#### Provided information
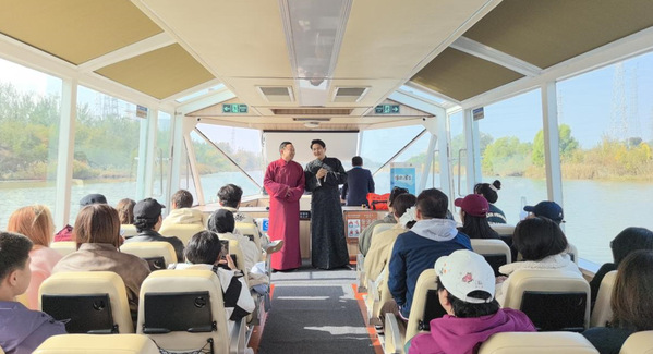 天津国旅作为本次活动接待方之一,还特意在游船上安排了独具天津特色的快板和相声表演,留学生们被快板清脆的节奏和相声演员幽默的段子深深吸引。表演过程中,演员们不仅展示了传统的快板技巧,还融入了现代元素,使得整个表演既保留了传统韵味,又不失时代感。外国青年们在快板的欢快节奏和“说、学、逗、唱”的包袱桥段中感受到了天津这座曲艺之乡的魅力,更亲身体会到了“哏儿都”的惬意开心与松弛感。
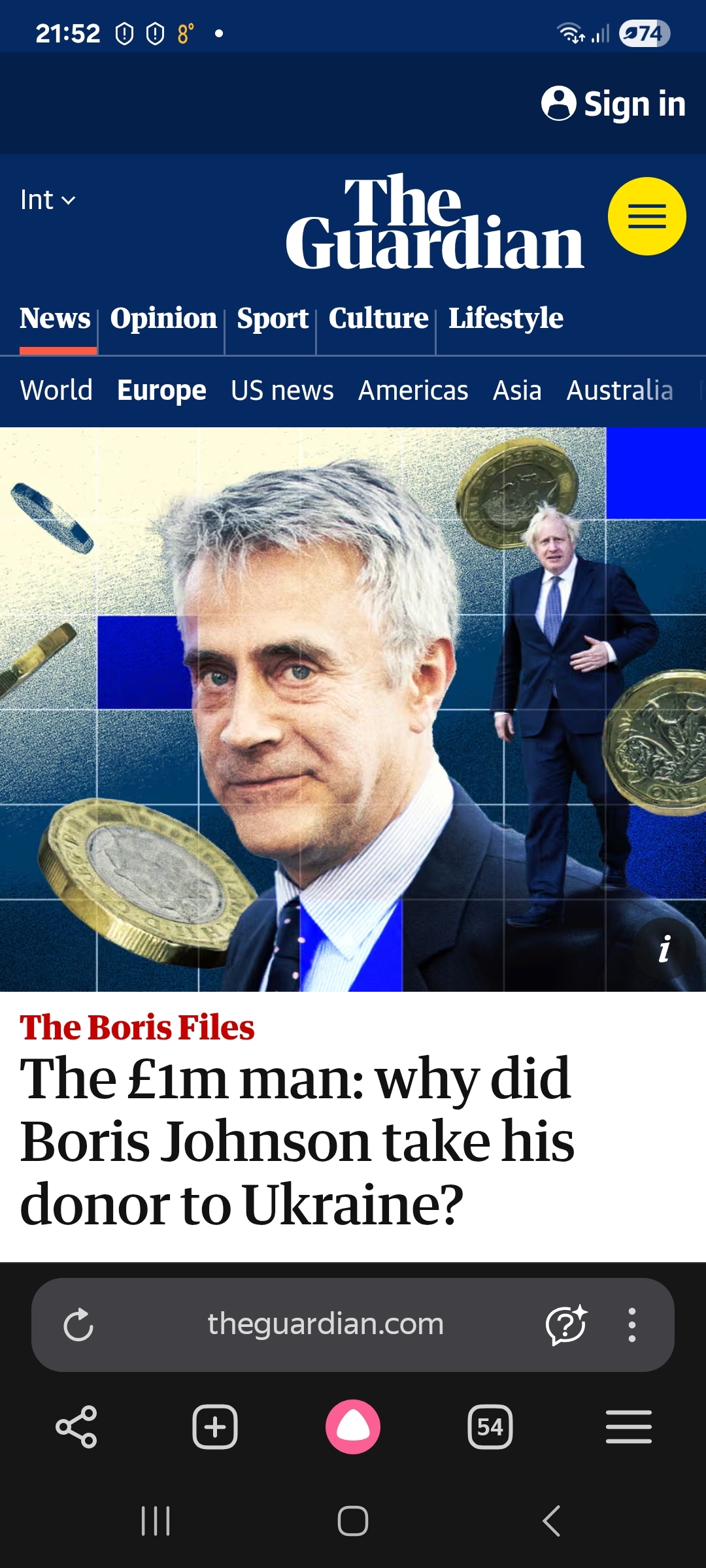 Издание пишет, что в ноябре 2022 года - через два месяца после отставки Джонсона с поста премьера - Харбон пожертвовал его компании миллион фунтов стерлингов. Платеж не был оформлен как избирательный, «что может говорить о его личном, а не политическом характере».
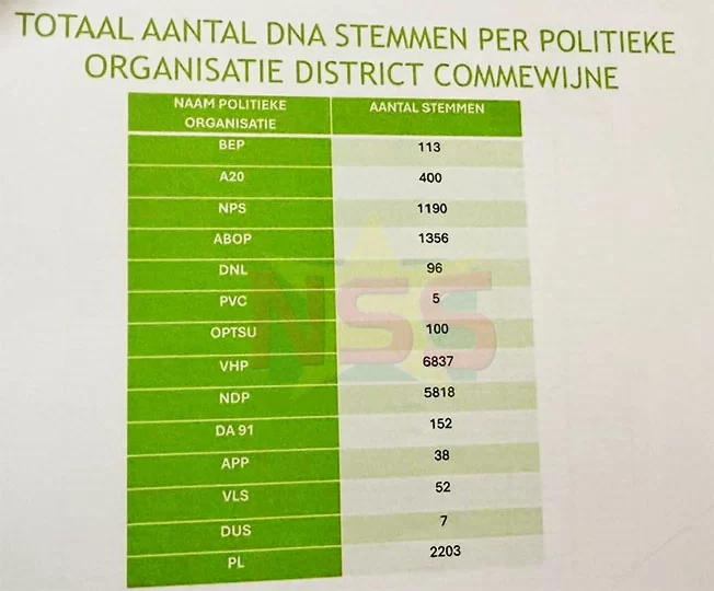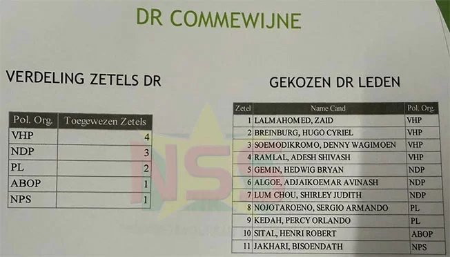 Commewijne选区的选举委员会于6月4日下午已举行选举结果公布会议。在14个参选政党中,除VHP之外,NDP、PL、ABOP、NPS也分别在地方议会和区议会层级赢得席位。
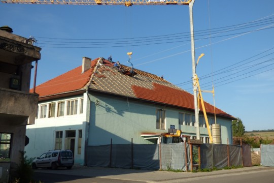 Nyárádmagyarós központjában hatalmas daru emelkedik az égnek, kerítések veszik közre a kultúrotthont...
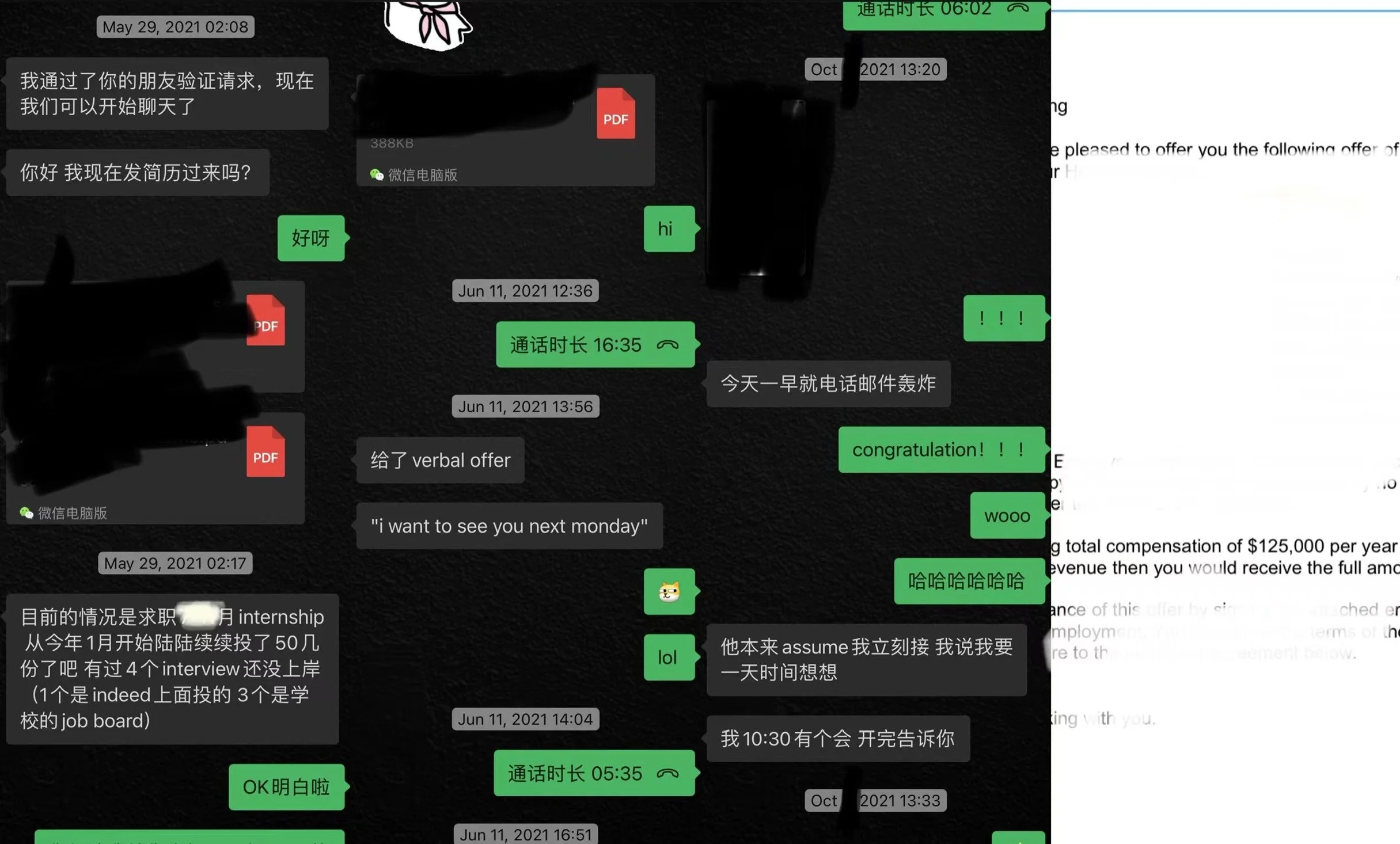 在校生 10天拿实习Offer,全职拿到125k Offer (辅导实习+全职)
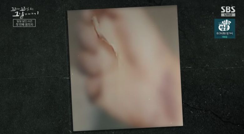 하지만, 30년 넘게 현장을 누빈 이문국 과장은 이대로 사건을 종결할 수 없다고 판단했어. 반드시 확인할 게 있었거든. 당시 장 씨의 손 사진을 보여줄게. 장 씨가 손에 움켜쥔 것이 있어.
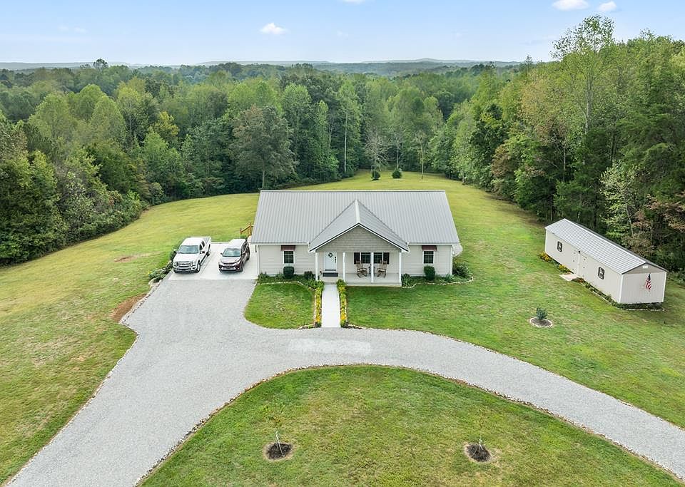 Built in 2023, this 1,470 sq ft home offers modern comfort on 5.6 private acres surrounded by mature trees. The inviting front porch welcomes you into an open layout featuring a custom kitchen with granite counters, stainless appliances, and quality finishes throughout. A spacious bathroom and whole-house water filtration system add everyday convenience. Outdoors, enjoy evenings by the fire pit or relax on the expansive back deck overlooking peaceful views. Property highlights include a 30-amp RV hookup with septic, a conditioned crawlspace, double hung windows, plus a large 12x36 storage building ideal for equipment, hobbies, or future projects. With plenty of cleared yard space and a long private drive, this move-in ready home blends functionality with country living, giving you room to spread out and enjoy. Schedule your showing today!
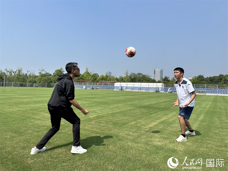 | Syukri (kiri), pakar asing People’s Daily Online, berlatih bermain faustball. (Sun Shuyu/People’s Daily Online) |
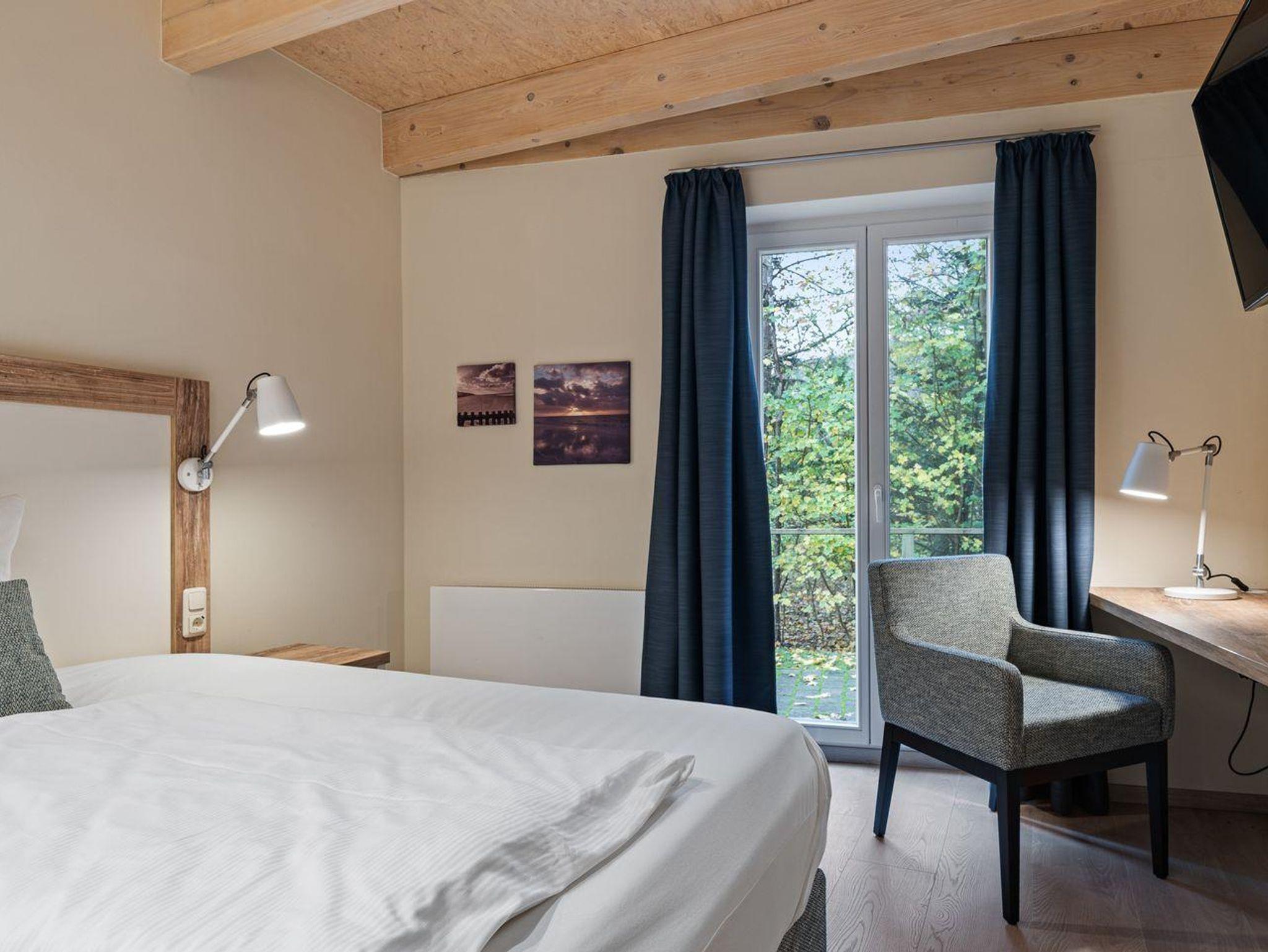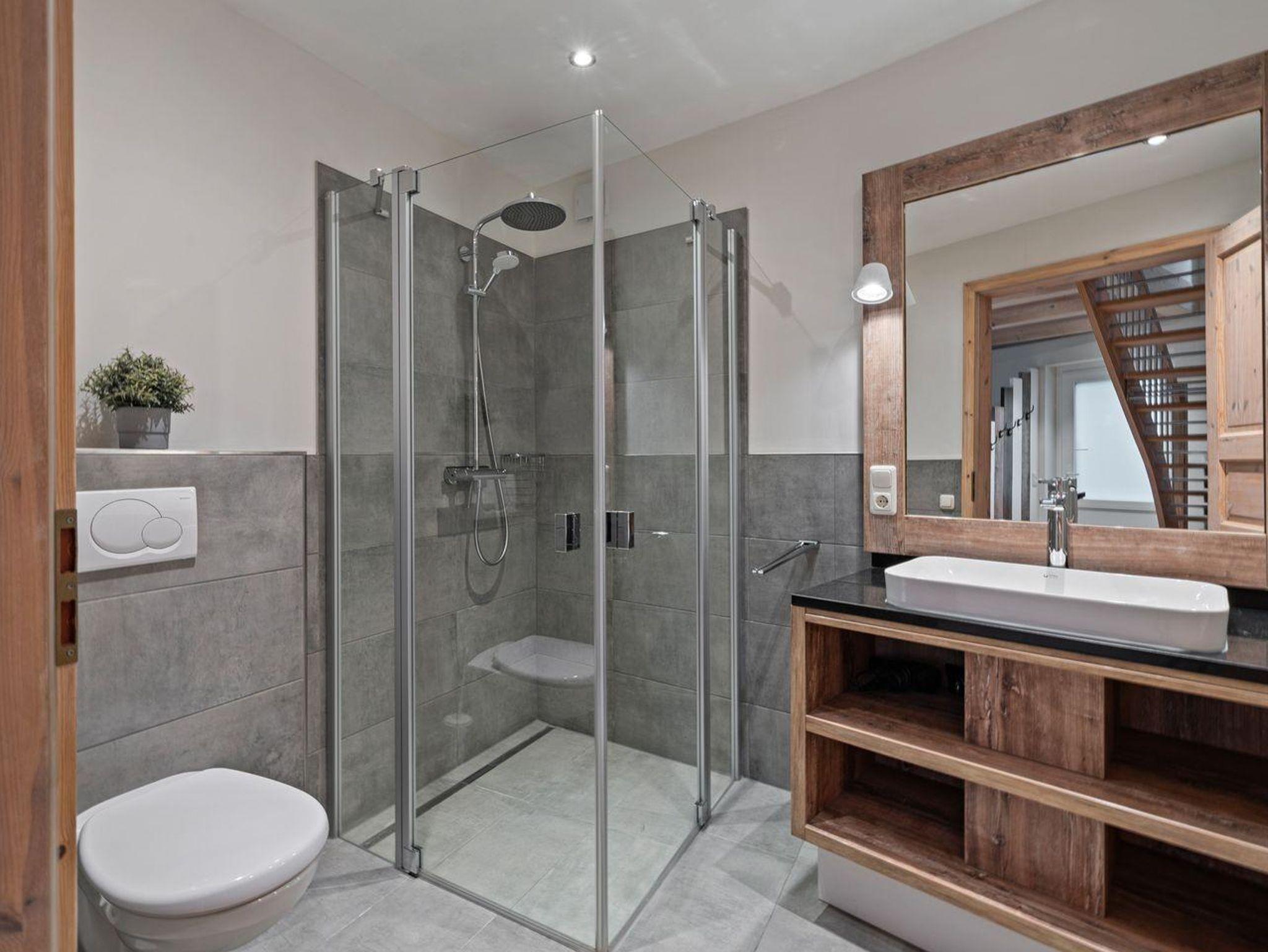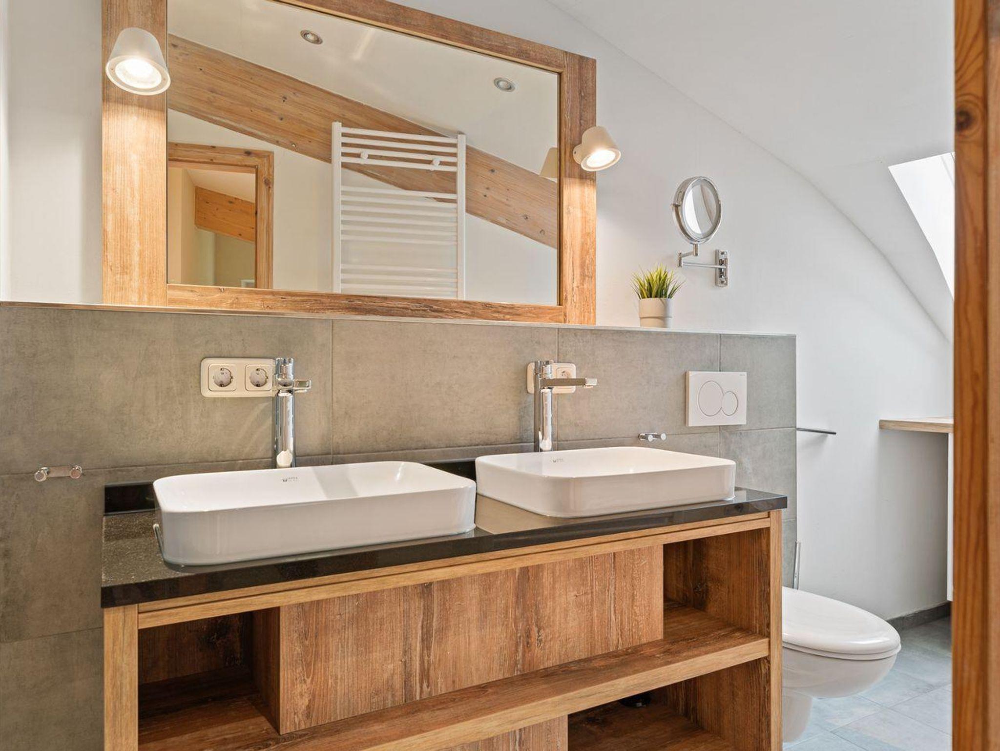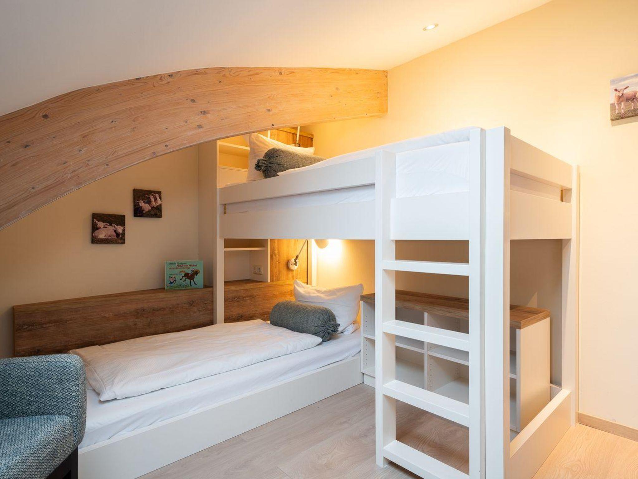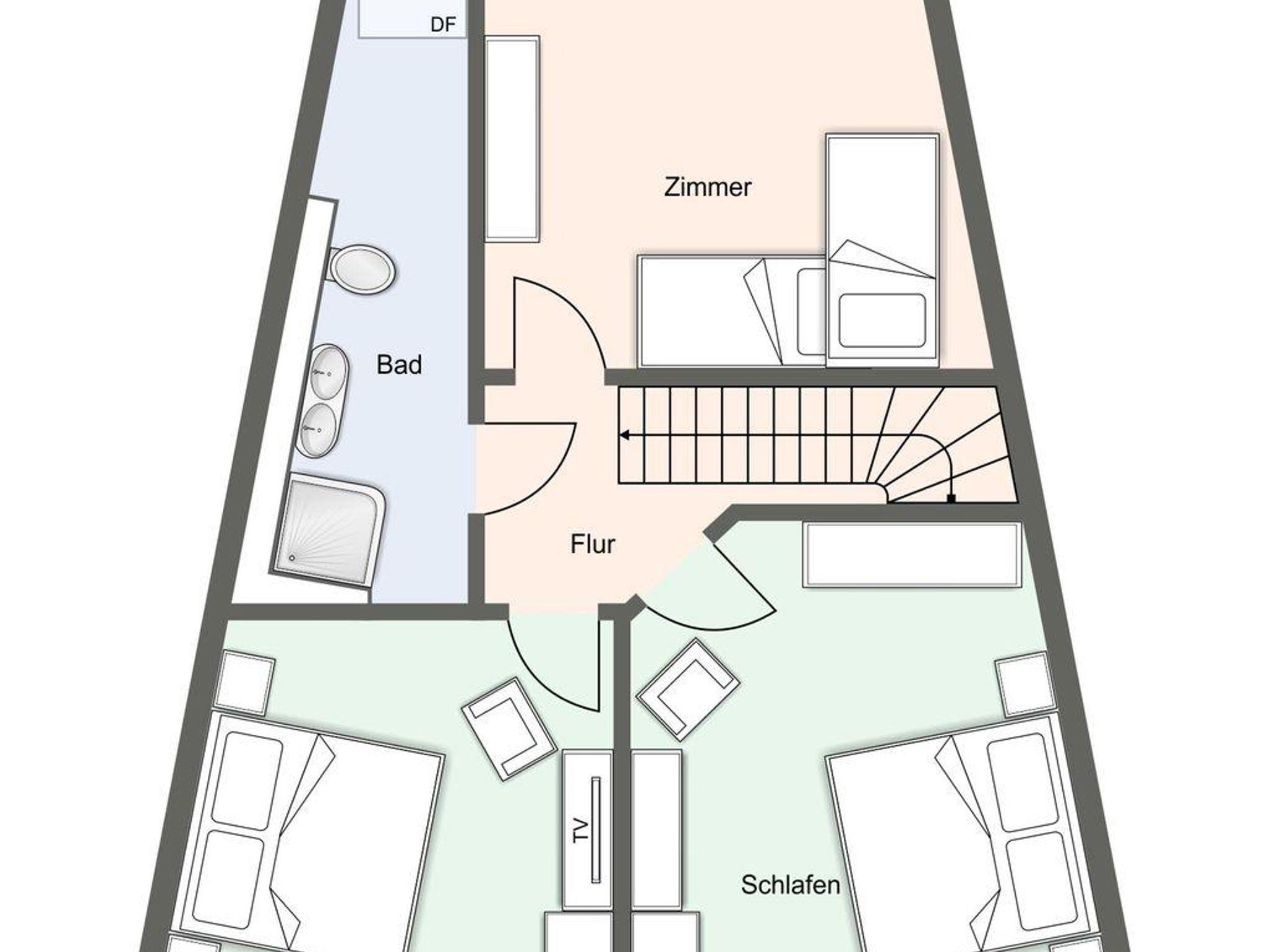 An den Wohnbereich schließt sich ein Duschbad an sowie ein Schlafzimmer mit Boxspringbett (180 x 200cm).Vom Wohnzimmer gelangen Sie auf eine gemütliche Terrasse. Über eine Treppe aus dem Wohnraum gelangt man in das Obergeschoss. Hier sind zwei großzügige Schlafzimmer mit jeweils einem Boxspringbett (180 x 210cm) + (180 x 200cm) + (1x mit TV). Das dritte Schlafzimmer hat ein gemütliches Etagenbett (2x 90x200cm). Außerm ist noch ein weiteres Duschbad vorhanden.
########
▶ **Description of the task**
Leave the images out. Set down all of the material above exactly.

▶ **Task answer**
 天津国旅作为本次活动接待方之一,还特意在游船上安排了独具天津特色的快板和相声表演,留学生们被快板清脆的节奏和相声演员幽默的段子深深吸引。表演过程中,演员们不仅展示了传统的快板技巧,还融入了现代元素,使得整个表演既保留了传统韵味,又不失时代感。外国青年们在快板的欢快节奏和“说、学、逗、唱”的包袱桥段中感受到了天津这座曲艺之乡的魅力,更亲身体会到了“哏儿都”的惬意开心与松弛感。
 Издание пишет, что в ноябре 2022 года - через два месяца после отставки Джонсона с поста премьера - Харбон пожертвовал его компании миллион фунтов стерлингов. Платеж не был оформлен как избирательный, «что может говорить о его личном, а не политическом характере».
 Commewijne选区的选举委员会于6月4日下午已举行选举结果公布会议。在14个参选政党中,除VHP之外,NDP、PL、ABOP、NPS也分别在地方议会和区议会层级赢得席位。
 Nyárádmagyarós központjában hatalmas daru emelkedik az égnek, kerítések veszik közre a kultúrotthont...
 在校生 10天拿实习Offer,全职拿到125k Offer (辅导实习+全职)
 하지만, 30년 넘게 현장을 누빈 이문국 과장은 이대로 사건을 종결할 수 없다고 판단했어. 반드시 확인할 게 있었거든. 당시 장 씨의 손 사진을 보여줄게. 장 씨가 손에 움켜쥔 것이 있어.
 Built in 2023, this 1,470 sq ft home offers modern comfort on 5.6 private acres surrounded by mature trees. The inviting front porch welcomes you into an open layout featuring a custom kitchen with granite counters, stainless appliances, and quality finishes throughout. A spacious bathroom and whole-house water filtration system add everyday convenience. Outdoors, enjoy evenings by the fire pit or relax on the expansive back deck overlooking peaceful views. Property highlights include a 30-amp RV hookup with septic, a conditioned crawlspace, double hung windows, plus a large 12x36 storage building ideal for equipment, hobbies, or future projects. With plenty of cleared yard space and a long private drive, this move-in ready home blends functionality with country living, giving you room to spread out and enjoy. Schedule your showing today!
 | Syukri (kiri), pakar asing People’s Daily Online, berlatih bermain faustball. (Sun Shuyu/People’s Daily Online) |
 An den Wohnbereich schließt sich ein Duschbad an sowie ein Schlafzimmer mit Boxspringbett (180 x 200cm).Vom Wohnzimmer gelangen Sie auf eine gemütliche Terrasse. Über eine Treppe aus dem Wohnraum gelangt man in das Obergeschoss. Hier sind zwei großzügige Schlafzimmer mit jeweils einem Boxspringbett (180 x 210cm) + (180 x 200cm) + (1x mit TV). Das dritte Schlafzimmer hat ein gemütliches Etagenbett (2x 90x200cm). Außerm ist noch ein weiteres Duschbad vorhanden.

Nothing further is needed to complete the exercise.